To that we also add a big colorful vegetable salad, with all the other vegetables which are really the fruits, like bell peppers and tomatoes and cucumbers, and even the bulbs and roots are not a part of what we mentioned so far.

And those can all be cut, and made into a beautiful, colorful rainbow of hues on your plate.

HOST:
According to nutritional information charts, nuts are very high in nutritional value. They provide protein, essential vitamins, minerals such as phosphorous and potassium, and fiber for our bodies.

Adiel (m):
And I recommend that everybody eats three to four, depending on body weight, let's say two up to four heaping tablespoons of nuts and/or seeds every day.

They must be in their raw, unprocessed, unsalted state. They must not be rancid. They must not be pulverized ahead of schedule for you.

You should pulverize them yourself in your coffee grinder, and have those daily

Adiel (m):
to compensate for your environmental changes and pollution that we live in today, and the impact on our immune system and on our detoxification capabilities.

So we need to eat more of these than we would have in nature. That's an adaptation.

And since they are very hard to digest, they must always be eaten with fruits or with vegetables.

They must be diluted by the fruits or the vegetables.

So three or four tablespoons, and ideally they should be rotated, not eaten in a big mixture every day on every meal, because then you are likely to develop allergies to them.

You can have mushrooms once in a while; you can have seaweed once in a while, like kelp, nori, etc. once in a while. And those are the main things. It's the protein that's really the worst for you, more than the sugar.

For lactose-intolerant people, thanks to their lactose intolerance, they avoid the worst part of the dairy, which is the protein, casein, albumin, lactalbumin, all those proteins that cause allergies, sensitivities, inflammation and casiomorphines.

HOST:
Dr. Tel-Oren explains that when people are well, they can better care for themselves as well as their surroundings.

In striving for better health for our bodies and our planetary home, a plant-based diet is the key to sustainability.

Adiel (m):
If you are not making people healthier or if they don't know how to take care of themselves,
it will not be sustainable, and our goal is to make the world a better place for the future generations.
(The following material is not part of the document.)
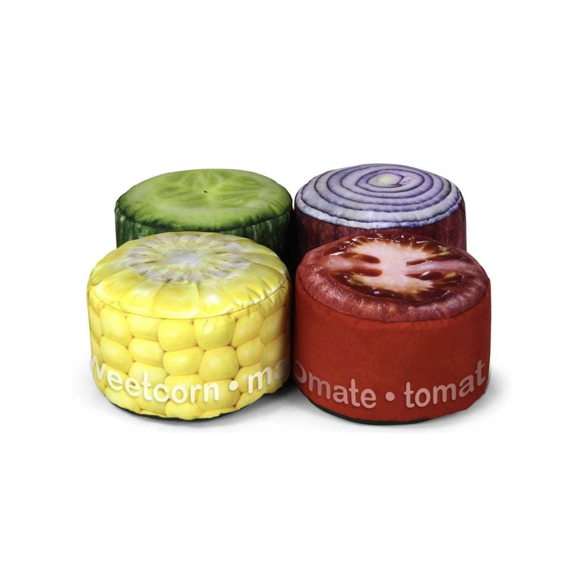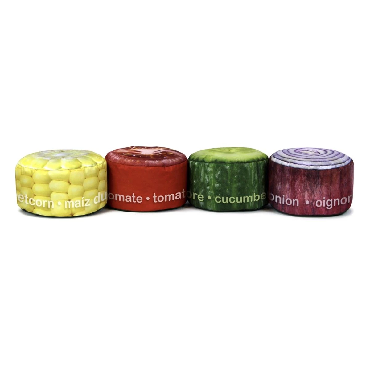 The Mini Vegetable Stool Set is printed with the name of the veg in English, French and Spanish.

This can only happen if people are maintaining their own health.

Doesn’t matter what lifestyle they choose, if they lose their ability to function, they lose their need or their desire to act sustainably and responsibly and maintain the health of the environment and the ecology.

HOST:
We thank Dr. Tel-Oren for his devoted work in promoting a natural and animal-free diet.

Heaven bless him with further success in his noble endeavors for fellow humans, animals and our precious planet.